Conference: ACL 2026 arXiv: 2604.05090 Code: GitHub Area: Human Understanding / Multilingual Interpretability Keywords: multilingual representations, writing systems, orthography, language-associated neurons, sparse autoencoders

TL;DR

This paper systematically analyzes language-associated units in multilingual LMs using the LAPE metric and sparse autoencoders, finding that these units are primarily driven by orthography (writing system) rather than abstract linguistic structure.

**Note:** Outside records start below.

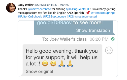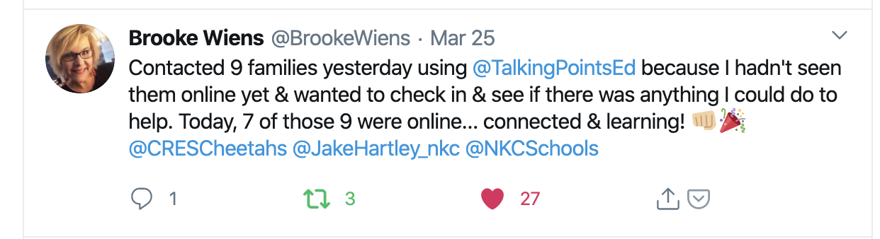 Recently, teachers shared how TalkingPoints is helping them stay connected with students’ families during school closures:
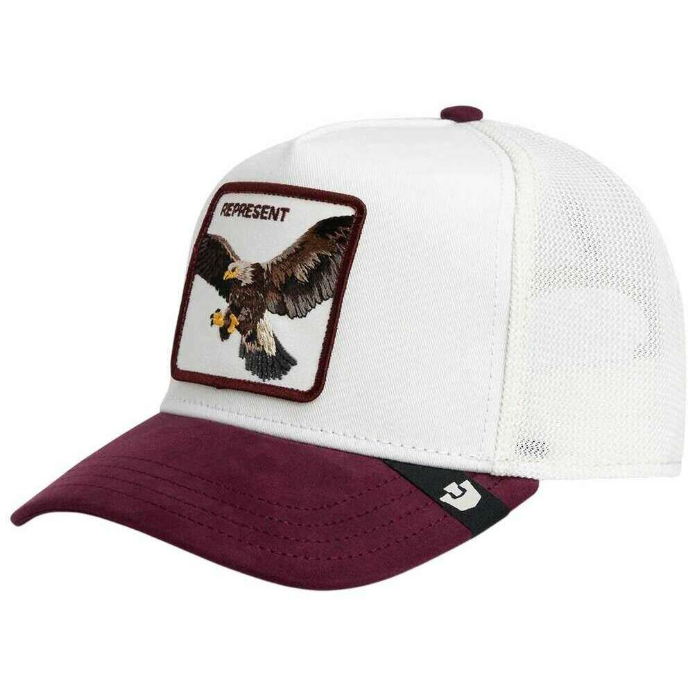 Goorin Bros Wildleder Eagle Trucker-Mütze – Staubweiß/Desire-Rot
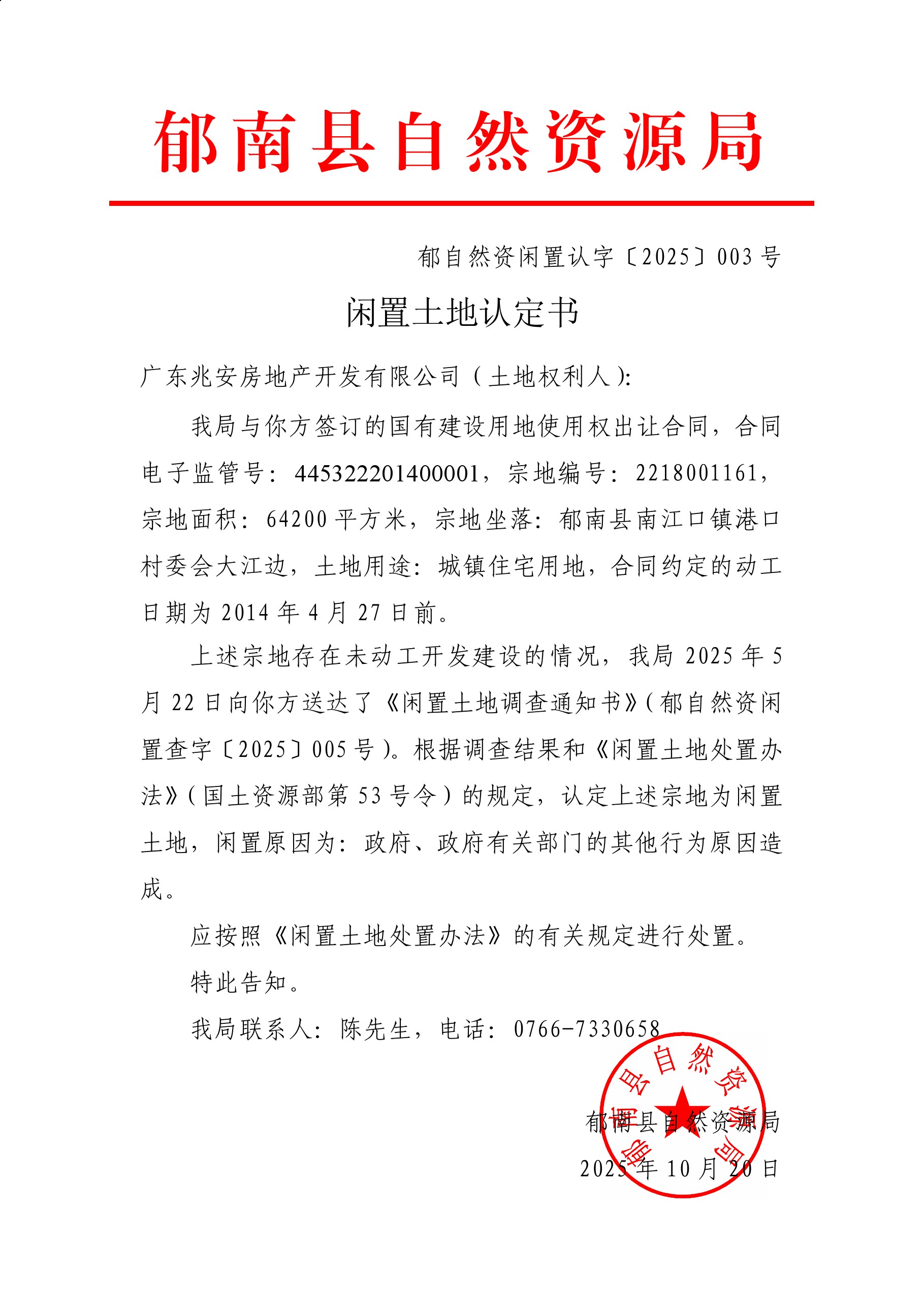 廣東兆安房地產(chǎn)開發(fā)有限公司名下登記的郁府國用(2014)第1668號、郁府國用(2014)第1669號土地使用權證,土地登記時間為2014年8月14日,土地用途城鎮(zhèn)住宅用地,宗地坐落:郁南縣南江口鎮(zhèn)港口村委會大江邊;宗地編號:2218001161,宗地面積:64200平方米。經(jīng)調(diào)查,該宗地自取得土地使用權至今未開發(fā)利用。
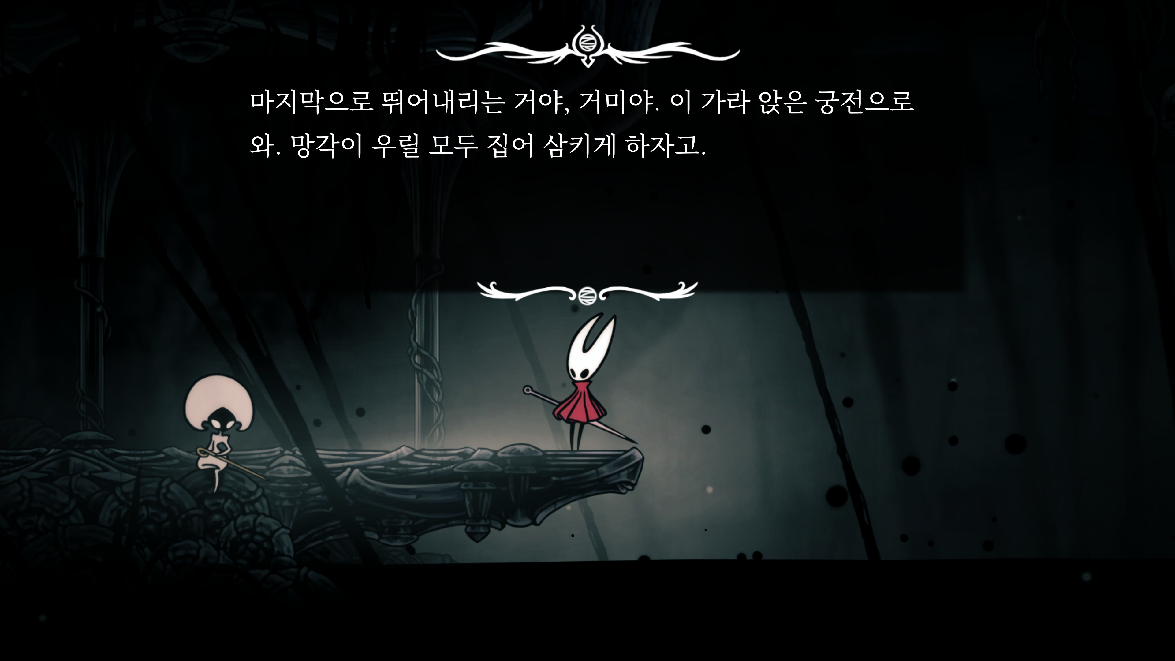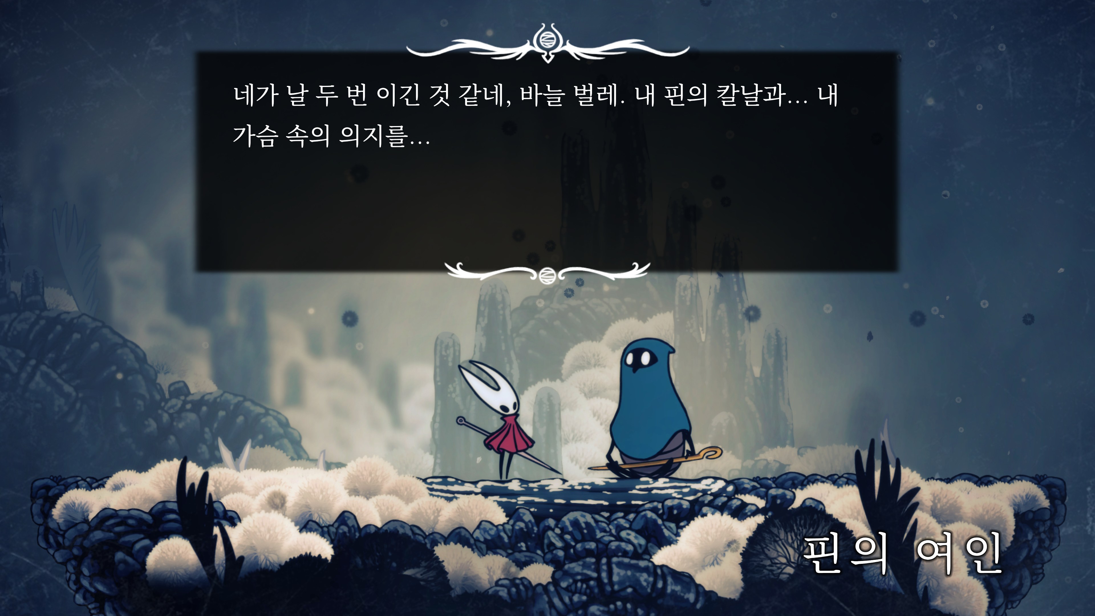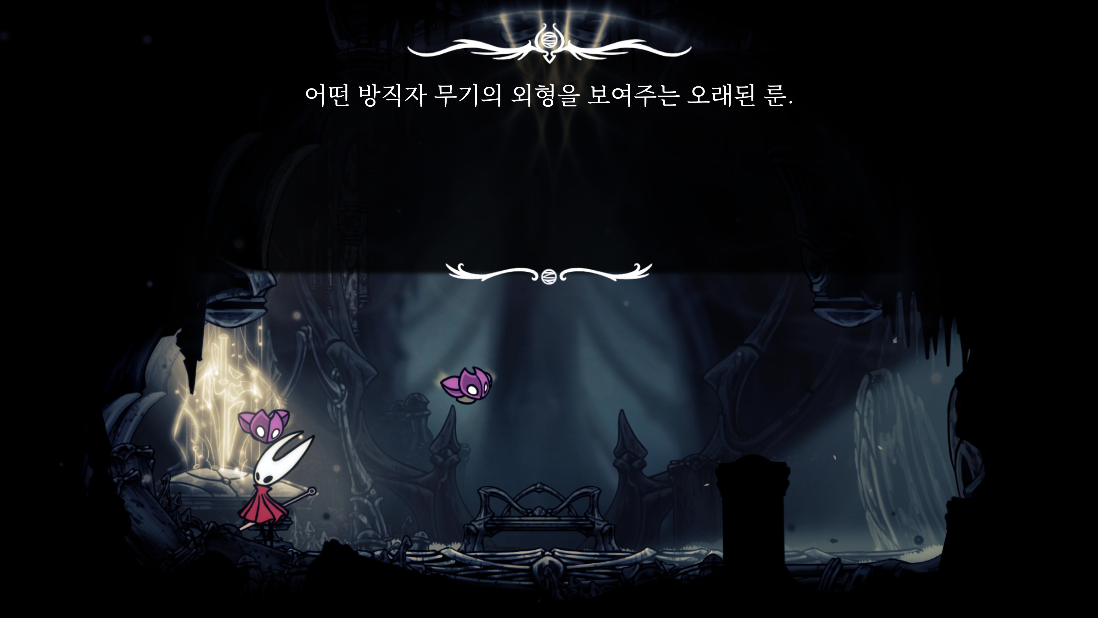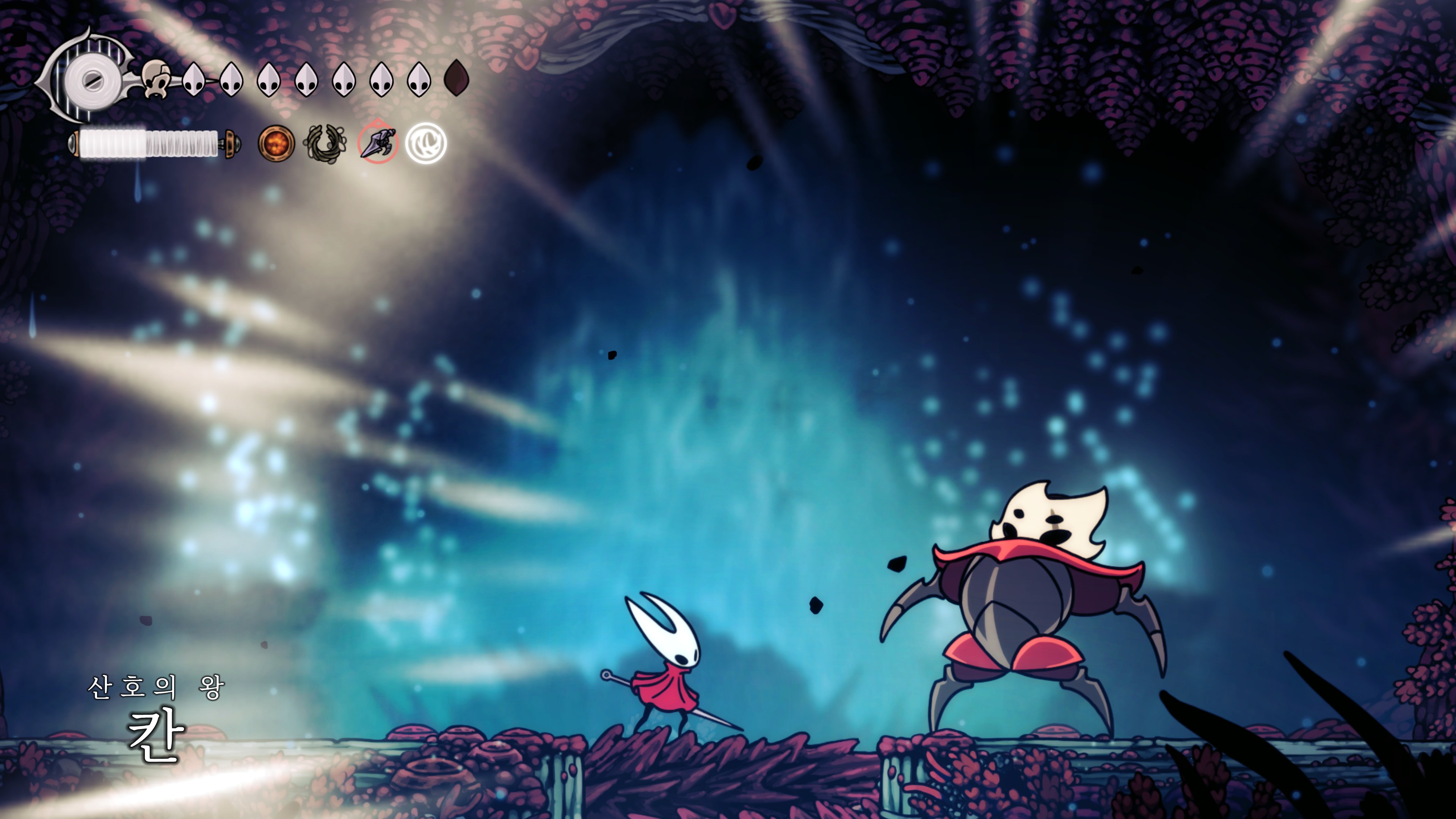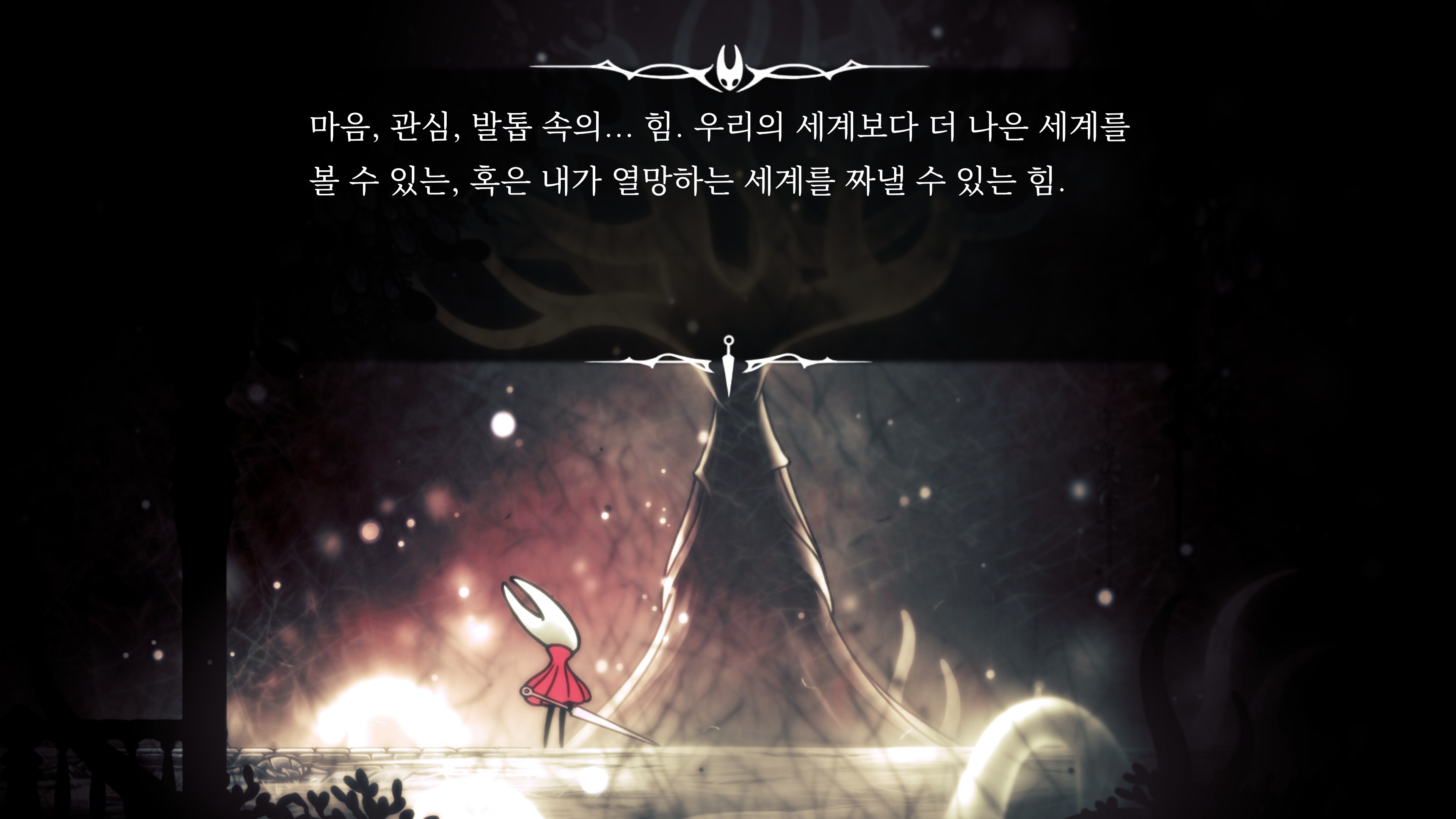 영원의 꽃 힘이 다 되어가는 순간, 할로우 나이트 기사가 나타나서 호넷과 레이스를 구출해 줬다.
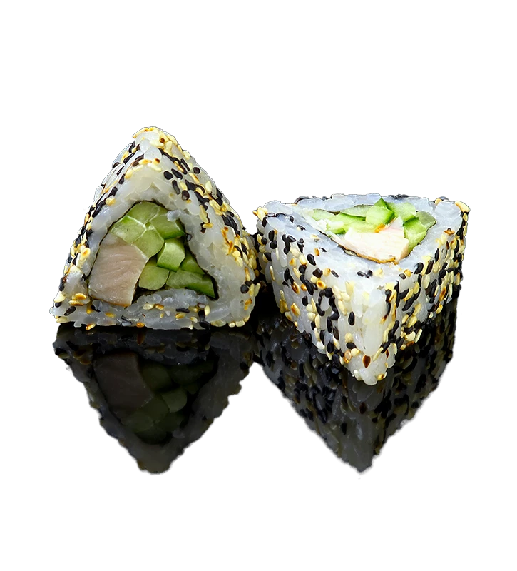 Нори, рис, микс кунжут, огурец, курица копченая, японский майонез. Количество - 8 кусочков. Вес - 197 г

Romanization activates nearly entirely disjoint sets of neurons; word-order shuffling has minimal effect; typological information becomes accessible only gradually in deeper layers; and causal interventions reveal that functional importance correlates with surface-form invariance.

Background & Motivation

Background: Multilingual language models (e.g., Llama, Gemma) compress representations of multiple languages into a shared parameter space, yet the nature of this internal organization remains unclear—specifically, whether it is governed by abstract language identity or surface-form cues.

Limitations of Prior Work: (1) Prior work (Tang et al., 2024) identified language-associated neurons via the LAPE metric and demonstrated causal manipulability, but did not address what linguistic properties these neurons actually encode. (2) The interlingua hypothesis posits that multilingual models form a unified language-agnostic representation space, yet direct evidence remains insufficient. (3) Bilingual cognition research suggests that comprehension and production may share semantic representations while separating surface-level processing; whether analogous phenomena exist in LMs is unknown.

Key Challenge: Although the existence of language-associated units has been established, it remains unclear whether they encode abstract language identity or surface cues such as orthography.

Goal: To systematically address four research questions: (i) language vs. writing system—what do language-associated units encode? (ii) robustness to structural perturbation—how does word-order shuffling affect them? (iii) typological alignment—what is their relationship to genealogical, phonological, and syntactic features? (iv) layer-wise organization—how do these properties evolve with depth?

Key Insight: Controlled experiments are designed using Romanization (changing the writing system while preserving content) and word-order shuffling (changing structure while preserving surface form) to disentangle the contributions of orthography and linguistic structure.

Core Idea: Multilingual LMs organize representations around surface form (writing system); linguistic abstraction emerges layer by layer but never collapses into a unified interlingua.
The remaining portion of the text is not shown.